Le groupe Actura, qui fédère 136 entreprises adhérentes en France, dont neuf coopératives, pour un chiffre d’affaires de 740 millions d’euros, annonce la construction d’un site industriel dédié aux semences à Issoudun, dans l'Indre, entre Châteauroux et Bourges.
Pilotée par sa filiale AgraSem, cette unité, qui comprendra un hub logistique, représente un investissement de 55 millions d’euros, dont 30 dédiés aux process industriels. Une cinquantaine d'emplois directs seront créés, en plus de mobiliser un réseau de 200 agriculteurs multiplicateurs. «Ce projet nous permettra de répondre aux défis actuels et futurs du secteur agricole, tout en consolidant notre position sur le marché des semences», explique à L’Usine Nouvelle Frédéric Lanchais, directeur général délégué du groupe. «Il ne s’agit pas d’un transfert d’un point A à un point B, mais bien d’une création», insiste le directeur.
Capacité de 650000 quintaux de semences
Implantée sur un terrain de 112000m² - «avec une possibilité d’extension» - la future usine, qui devrait être opérationnelle d’ici à juillet 2027, aura une capacité de 650000 quintaux de semences de céréales à pailles, ainsi que des semences d’autres espèces hybrides comme le maïs, le colza et le tournesol. «Les semences représentent un enjeu majeur pour toutes les filières agricoles. Notre objectif est de fournir des solutions durables à nos entreprises pour leur permettre d’accéder à une génétique performante.
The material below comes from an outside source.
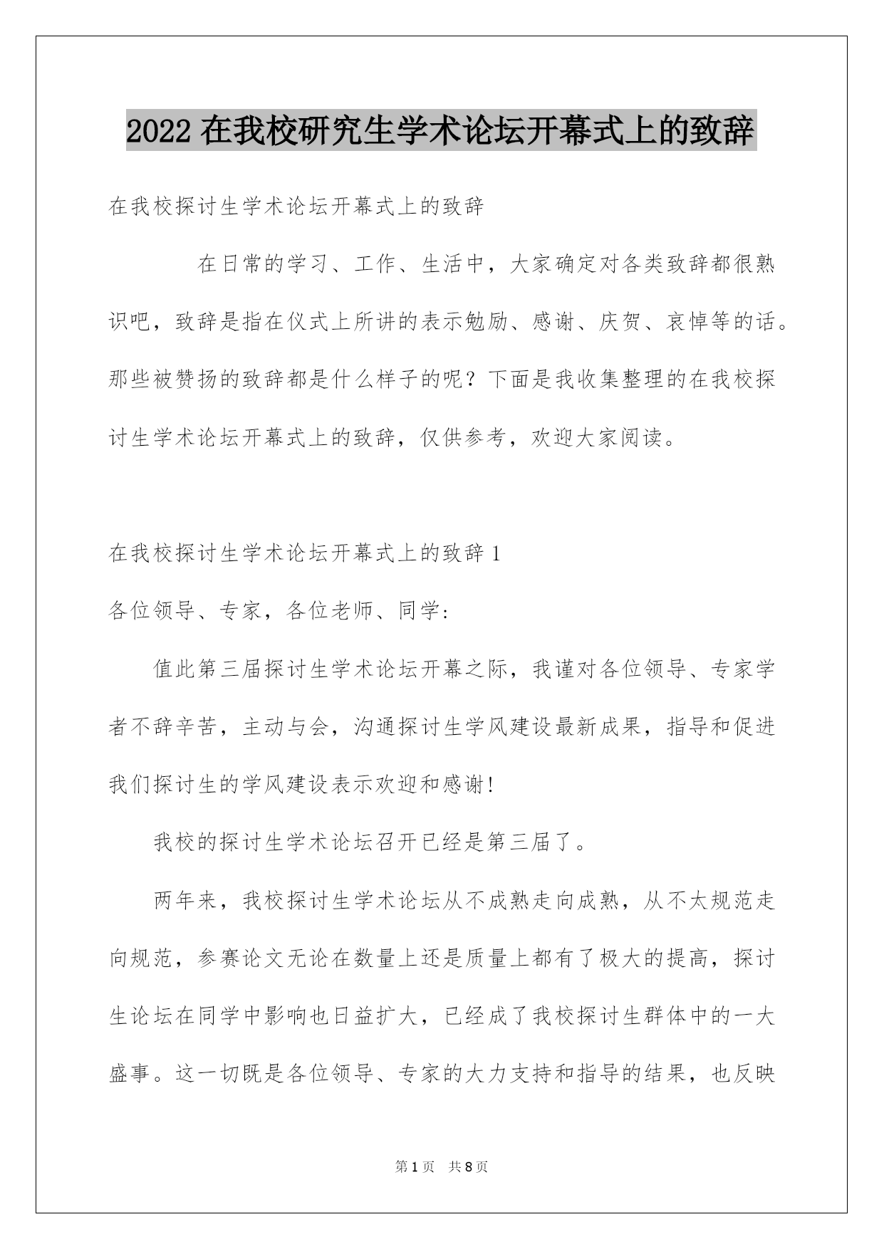 2022在我校研究生学术论坛开幕式上的致辞.docx

Et de maitriser toute la chaine, de la multiplication au champ jusqu’à la mise sur le marché», explique Frédéric Lanchais.
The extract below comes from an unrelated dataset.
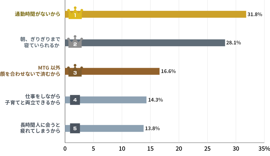 まず全体に共通して最も大きな理由となったのは「通勤時間がないから」でした。

Un outil industriel multi espèces innovant
L’usine sera équipée de technologies de pointe avec des lignes de production flexibles et sur la partie logistique des capacités de stockage optimisées. Au sein de l’unité principale, une ligne de micro-processing complétera les deux lignes principales : «nous avons imaginé un outil multi espèces, capable de traiter des petits lots pour des phases de test et d’expérimentation ainsi que des volumes plus importants pour la production de masse». Equipé d’une tour de 20 mètres de haut dédiée au traitement et conditionnement, le site pourra gérer les derniers types de traitement de semences, à l’instar des technologies d’enrobage biostimulant. «Ces traitements viennent renforcer la résistance des semences aux insectes nuisibles et autres maladies», précise le directeur.
Un hub logistique pour les marchés français et européen
Le projet comprend une plateforme logistique de 14000m², répartie en deux cellules, (température ambiante et dirigée) avec 14 quais et une capacité de 15000 palettes. «Ce hub est conçu pour répondre aux plus hautes exigences de conservation des semences, avec un contrôle rigoureux de la température à l’hydrométrie. Notre objectif est d’assurer une parfaite qualité de stockage ainsi que les flux aller et retour», explique le directeur, qui rappelle que ce site viendra renforcer les infrastructures logistiques de la filiale Synvia (65000 m²). «L’objectif est d’absorber le flux de la future usine mais aussi de proposer une offre complète sur nos autres secteurs». «Cette plateforme nous permettra de mutualiser les flux de semences à l’échelle nationale et de renforcer notre position sur le marché européen», ajoute-t-il.